A poll commissioned by Amazon Books U.K. asked 2,000 Amazon readers to vote for the 'most memorable opening lines from the world of literature,'. Dickens' A Tale of Two Cities won, unsurprisingly, with 'It was the best of times, it was the worst of times.' Orwell came second with 'It was a bright cold day in April, and the clocks were striking thirteen.' from 1984. J.K. Rowling made the Top Five, surely due to her popularity rather than the literary genius of 'Mr and Mrs Dursley of number four, Privet Drive, were proud to say that they were perfectly normal, thank you very much.' from Harry Potter and the Philosopher’s Stone.
But why didn't they ask me? Perhaps I wasn't considered to be an 'Amazon reader'? To make up for that I asked myself and had a rummage through my collection. Here are some of my favourites:
'May it please heaven that the reader, emboldened and having for the time being become as fierce as what he is reading, should, without being lead astray, find his rugged and treacherous way across the desolate swamps of these sombre and poison-filled pages; for, unless he brings to his reading a rigorous logic and a tautness of mind equal at least to his wariness, the deadly emanations of this book will dissolve his soul as water does sugar.' - Maldoror, Lautréamont.
How about that!
'Listen to my last words anywhere.' - Nova Express, William Burroughs.
That's cheating. Nova Express isn't a proper 'novel'!!! Ha-ha.
'PFFFRRRUMMMP.' - Inside Mr Enderby, Anthony Burgess.
You can't top that. No-one ever has.
My favourite opening paragraph has always been this one from Tropic of Cancer by Henry Miller:
'I am living at the Villa Borghese. There is not a crumb of dirt anywhere, nor a chair misplaced. We are all alone here and we are dead.'
I mean, that's sensational.
George Orwell was a great admirer of Tropic of Cancer.
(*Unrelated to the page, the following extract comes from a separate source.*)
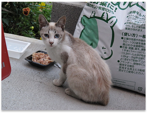 子猫が四匹と母猫と白い子とおんぢくんがスタンバイしていました… こっちに引っ越し後しばらくしてからモンチを含む子猫を五匹くらい見かけた事を思い出しました。 昨日は子猫は三匹だったけど今日は四匹もいて、猫の間でここにくれば美味い物が食えるぞ!と噂になって集まってきたのでしょうか… 猫ってどんな手段を使って会話しているんでしょうね。 一度その会話の輪に入ってみたいです。 しかしご飯をあげるのはいいけど、この子猫達が順調に育ってくれていずれ子供ができたら ”この子達にもご飯を頼む” と連れてこられた時の事を考えると大変そうです… みんな避妊手術や去勢手術なりできれば良いけど、現在では触る事もできないので捕獲ができません。 どーしたら良いのでしょうか… 昔ミャーちゃんがまだノラ猫だった頃、子供が生まれたと言った感じで子猫をくわえて見せに来た事があったそうです。(母談) 四匹の子猫を見てミャーちゃんの事を思い出しました。 まずはおんぢくんのでっかいタマタマをなんとかしないとです。 写真はノラ猫時代公園で生活していたちーちゃん。(2002年8月撮影) 一緒に写っている猫は当時ちーちゃんとユキちゃんの面倒を見てくれていたパンダくん。 このパンダくんは元々は飼い猫だったが飼い主に懐かず飼い主に捨てられたと言うか、パンダくんが飼い主を捨てて飛び出したようです。(飼い主から話しを聞いてとんでもない飼い主と判明) 毎晩ご飯をあげにいくと膝の上に乗ってゴロゴロしてくれとても懐いてくれ、面倒見の良いお利口な猫さんでした。 今うちにいるパンダくんはこの子の名前を引継ぎました。 PR 仮住まい先へご飯を置きに行くのを昨日で終了としました。

He wrote about it in his 1940 essay, Inside The Whale, describing Miller as 'the only imaginative prose writer of the slightest value who has appeared among the English-speaking races for some years past.' Orwell must have got hold of an Obelisk Press copy since it wasn't published in the UK until 1963. This, then, being the 60th anniversary of that date, you might expect a media outlet to be discussing it but...no. I can't find one. Why? It's as toxic as hell!
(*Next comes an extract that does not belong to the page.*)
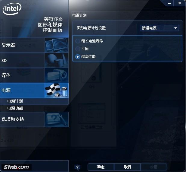 英特尔Core i系列处理器不仅可以调节性能,其集成的显卡也能够调节,在英特尔图 形和媒体控制面板内,Intel GMA HD图形电源计划提供了三种模式:最长电池寿命、平衡、最高性能。与CPU一样,这样的设计是非常人性化的,我们可以根据各自的使用需求,在不同条件下选 择不同的模式,如在户外,可以选择最长电池寿命,降低显卡频率,来得到更长的续航时间。同理,在游戏或高清视频方面,设置最高性能以得到更佳的性能体验。

'Misogyny' and 'sexism' being current buzz words, by which I mean everyone is on the look out for both, no-one is going to sing the praises of this filthy book. Should they dare to do so whilst being remotely popular on X they would no doubt be mobbed within seconds, banned themselves (like the book), lose their job etc.
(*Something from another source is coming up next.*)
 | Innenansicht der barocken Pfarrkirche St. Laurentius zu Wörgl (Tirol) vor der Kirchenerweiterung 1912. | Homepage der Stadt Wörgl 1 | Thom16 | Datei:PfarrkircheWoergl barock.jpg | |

We live in censorious times, whilst professing to be mercifully free of the kind of censorship that plagued countries run by a dictatorship or those that tried to ban risque novels because the Establishment were shocked by them. Miller's brazen amorality would shock young readers today, certainly. To them it would be as unacceptable as it was to bowler-hatted prudes 60 years ago. It is one thing to masquerade as a social justice warrior, a 'radical' activist, but quite another to find any redeeming qualities in a free-thinking novelist who dared to say what the hell he liked.
Henry Miller has never been fashionable. When I featured him in my fanzine, Ego, in the early-90s, it was, in retrospect, an anomaly even then. I mean, the kinds of writers zine-makers featured were the 'hip' ones, such as Burroughs, Kerouac, Bukowski etc. My ex-girlfriend, upon seeing him in the zine, even chastised me for featuring that 'sexist' swine. She, by the way, was probably a lesbian by then. She converted after a three-year affair with me, which is understandable since no man could be good enough afterwards! Ha-ha. That is neither here nor there, except to say that she was quite the French-lover, by which I mean adoring Sartre and Simone and Gide, not a filthy American in Paris like Miller. It was, in the 80s, acceptable for my ex to applaud Sartre, since he was a Marxist.
Orwell often wrote about the left-wingers who excused the Russian leadership for their sins. As with many things, he was prescient regarding matters of blinkered ideological thought and censorship. His appraisal of Miller in the 40s no doubt raised many eyebrows amongst his socialist friends. Such books as Tropic of Cancer (there was nothing like it, though) were, after all, mere 'bourgeois individualist indulgence'! No doubt all novels which lacked the correct political ideology were condemned as criminal when there was a revolution to maintain.
Reading just a few lines of Tropic of Cancer now feels as daring as it must have done in all those years ago. It still has the power to shock. It does so because we live in what feels like an increasingly sanitised age, when anything may be deemed 'incorrect'. It is very easy to offend, even when no offence is intended. Miller did not write to offend intentionally. He wrote freely and to hell with what people thought. That, today, may in itself constitute a 'thoughtcrime' and as in Orwell's 1984, we would do well to consider the implications of punishing freedom of thought and expression.